Но, объявляя детство чудом, в то же время утверждают, что это чудо состоит просто в преждевременном развитии взрослых способностей. Таким образом, специфика детства оказывается двойственной, как и все предметы в мире классической культуры: детство и зрелость, словно горошины из сартровского сравнения 6 , составляют два разных, замкнутых в себе, несообщающихся и в то же время идентичных возраста. Чудо Мину Друэ — в том, что она пишет взрослые стихи, будучи ребенком, что благодаря ей сущность поэзии низошла в сущность детства. Удивление публики вызвано не реальным уничтожением сущностей (что было бы делом весьма здравым), а лишь их торопливым смешением. Это прекрасно выражается в сугубо буржуазном понятии «чудо-ребенка» (Моцарт,
Рембо, Роберто Бенци) 7 — он является предметом восхищения, поскольку идеально воплощает в себе функцию всякой капиталистической деятельности: выиграть время, свести длительность человеческой жизни к арифметическому исчислению драгоценных моментов.
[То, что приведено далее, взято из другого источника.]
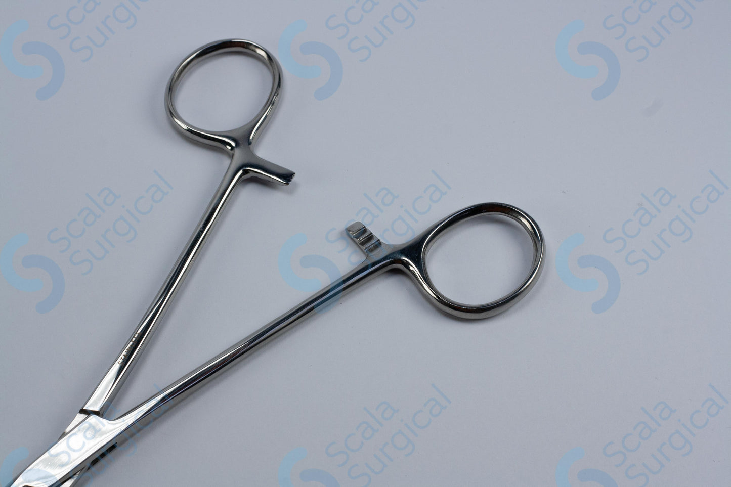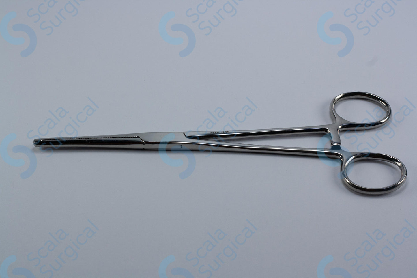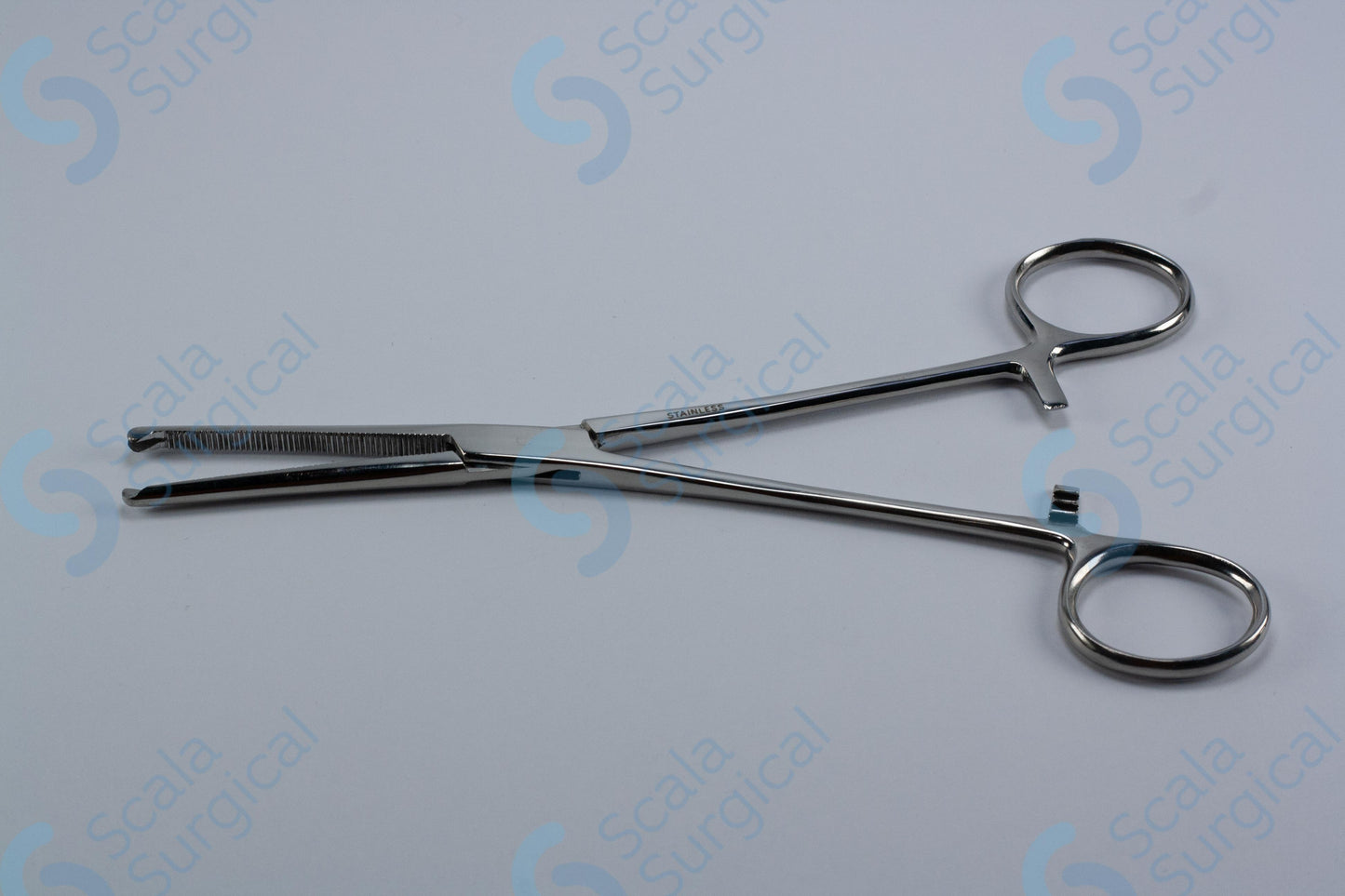This is a type of surgical forceps used for clamping and holding tissue during surgical procedures. It is designed with horizontal serrated jaws and a round end for maximum grip.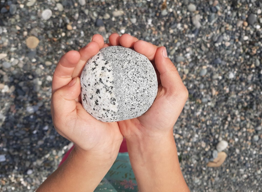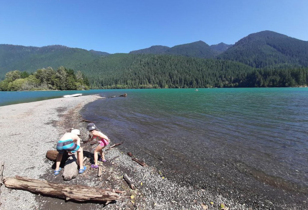 Drogą Engle i następnie Hill Road podjeżdżamy do lokalnej plaży (Ebey’s Landing wayside), gdzie dzieciaki mogą chwilę potaplać się w piachu i poprzekładać kamienie i kłody drzew wyrzuconych przez sztormowe fale. W przeciągu 30 minut na plaży powstaje „super spa” …. w nagrodę za morderczy trud jaki wczoraj ponieśli na szlaku, dzieci serwują mamie akupunkturę z patyków i masaże pleców wielkimi otoczakami, po którym to obolała mama ledwo wstaje z miejsca.

Конечно, такая «сущность детскости» принимает различные формы в зависимости от того, какое поколение к ней апеллирует: для «модернистов» детство обретает свое достоинство именно благодаря своей иррациональности (в «Экспрессе» не пренебрегают психопедагогикой) — отсюда даже нелепая параллель с сюрреализмом! Для господина же Анрио 8 , не желающего прославлять что бы то ни было чреватое беспорядком, детство может быть источником только чарующе-изысканного, ребенок не бывает пошлым и вульгарным, то есть для детства здесь опять-таки придумывают особую идеальную природу, дарованную ему небесами помимо всякого социального детерминизма; тем самым немалое число детей как бы не допускаются в детство, а настоящими детьми признаются одни лишь изысканные отпрыски буржуазии. Парадоксальным образом тот самый возраст, когда человек формируется, то есть интенсивно пропитывается всем социальным и искусственным, — для г. Анрио представляет собой возраст «природности»; в этом возрасте один мальчишка вполне может убить другого (факт из уголовной хроники, промелькнувший одновременно с делом Мину Друэ) — а согласно г. Анрио, у ребенка не бывает даже циничной издевки, одна лишь «искренность», «очарование» да «изысканность».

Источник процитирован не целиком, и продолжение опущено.